2.22.2011

CD REVIEW: G. Love "Fixin' To Die"

Fixin' To Die [+digital booklet]When a musician has been making music during a career that spans two decades, it's a challenge to keep the music new, exciting, inventive, and cutting edge. For G. Love, whether with or without his band Special Sauce, he has managed to do it incredibly well, with each subsequent release. He has mastered the art of his own hip hop soul and freestyle blues, dabbling in everything from funk to reggae to folk to blues to jazz to rock. He is truly a jack of all trades when it comes to making music. On his latest, and one of his most complete ideas to date, G. Love goes back to his roots with some dirty, funky acoustic blues. Enlisting the help of new friends, and folk music extraordinaries, the Avett Brothers, G. Love set out to make an album of music that showcased where his love for music comes from, where his musical roots lie, and the fun that can be had with stripped down music and instrumentation. The album's title track is among the album's best, and being that it is a cover of an obscure blues classic, it's only fitting that G. makes it great. He also take the Paul Simon classic "50 Ways To Leave Your Lover" and smothers it with some funky blues as well, breathing new life into an already awesome song. His originals, both old and new, are some of his lyrical best at their simplest and most complex. "Just Fine" is a G. Love classic and "Milk & Sugar" is sure to become a funky live staple for G. Love & Special Sauce on the road.
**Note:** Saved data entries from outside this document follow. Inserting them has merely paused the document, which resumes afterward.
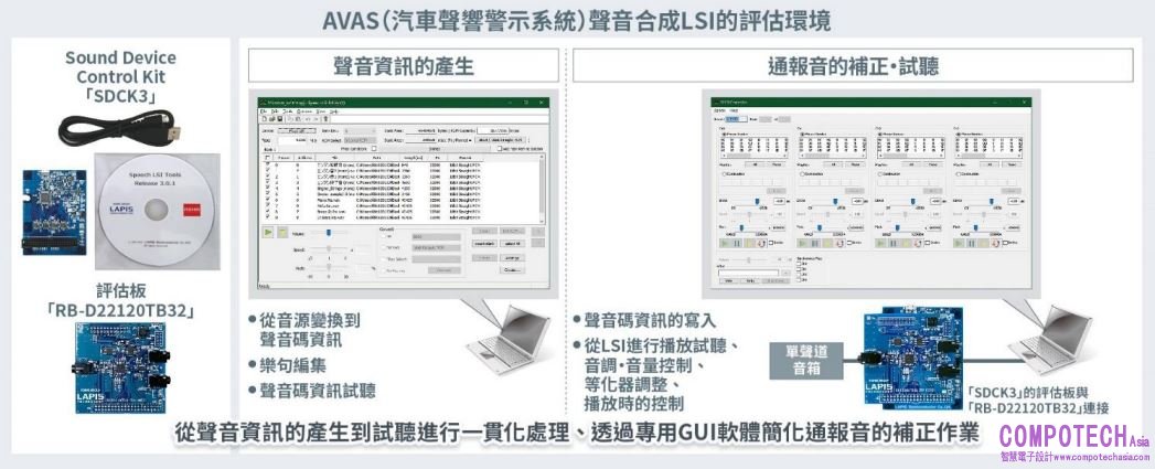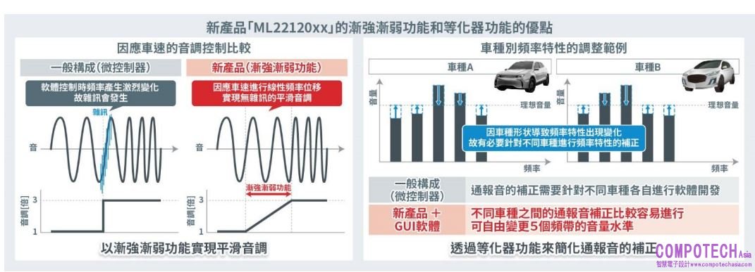 在使用微控制器生成警示音的情況下,需要能夠控制聲音的音高和音量以實現平滑漸變的效果,並根據車輛形狀調整頻率特性。也因此大幅增加了微控制器軟體開發的負擔,而且還需要驗證微控制器與其他軟體處理之間的運行情況。針對上述問題,LAPIS Technology利用其在語音合成LSI領域累積的豐富經驗和技術優勢,透過硬體設定實現了高音質,並推出了有助減輕AVAS(汽車聲響警示系統)開發負擔的新產品。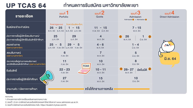 ทั้งนี้วิทยาลัยการจัดการ จัดการเรียนการสอนระดับบัณฑิตศึกษาณ กรุงเทพมหานคร และในปีการศึกษา 2564 ได้เริ่มเปิดรับสมัครเข้าศึกษาต่อในมหาวิทยาลัยพะเยา ระดับปริญญาตรี (TCAS 64) รอบที่ 1 รับสมัครทั่วประเทศ โดยโครงการรับตรงมหาวิทยาลัยพะเยา (โควตาครูแนะแนว) จำนวน 3,870 คน นักเรียนสมัครเข้าศึกษา ผ่านเว็บไซต์ www.admission.up.ac.th และส่งใบสมัครท่ีครูแนะแนวของโรงเรียน ระหว่างวันที่ 26 ตุลาคม – 25 ธันวาคม 2563 สอบถามรายละเอียดเพิ่มเติมได้ที่ งานรับเข้าศึกษา กองบริการการศึกษา มหาวิทยาลัยพะเยา โทร 0 5446 6666 ต่อ 1270-3 หรือที่เว็บไซต์ http://admission.up.ac.th กรอกใบสมัครได้ที่เว็บไซต์ http://reg.up.ac.th/app/admission/apply1/NewAccount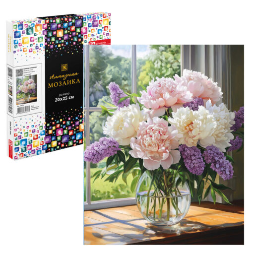 Алмазная мозаика (набор для творчества) арт. 70837 / 40 СИРЕНЬ И ПИОНЫ, размер: 20×25 см, (28 цветов страз, холст на подрамнике с напечатанной картиной, покрытый клеевым слоем и защитной пленкой, пакеты со стразами, стилус, лоток для страз, силикон для страз, клей, подвесы для подрамника, пинцет металлический, схема, дополнительные пакеты с zip-молнией, стикеры для нумерации zip-пакетов в комплекте, форма страз: квадратная, тип выкладки: полная, картонная коробка)

He resurrects his own "Ma Mere," a song about his grandmother, giving it the treatment and audience it deserves. G. lets the Avett boys have a little lead vocal time as well on the track "You've Got To Die" which not only shows off how fun this album is, but also how much fun was had while G. Love and the Avett Brothers made the album. To have two powerhouse performers, both in the studio and live on stage, collaborate on an album together is always one for the ages, and while this is very much a G. Love album, the sound, the energy, and the performance is accentuated by the Avett Brothers. Now all that's left is for the two bands to share the stage as a supergroup and together, bring this album (which sure to be one of the year's best) as well as their own previous recordings to the masses.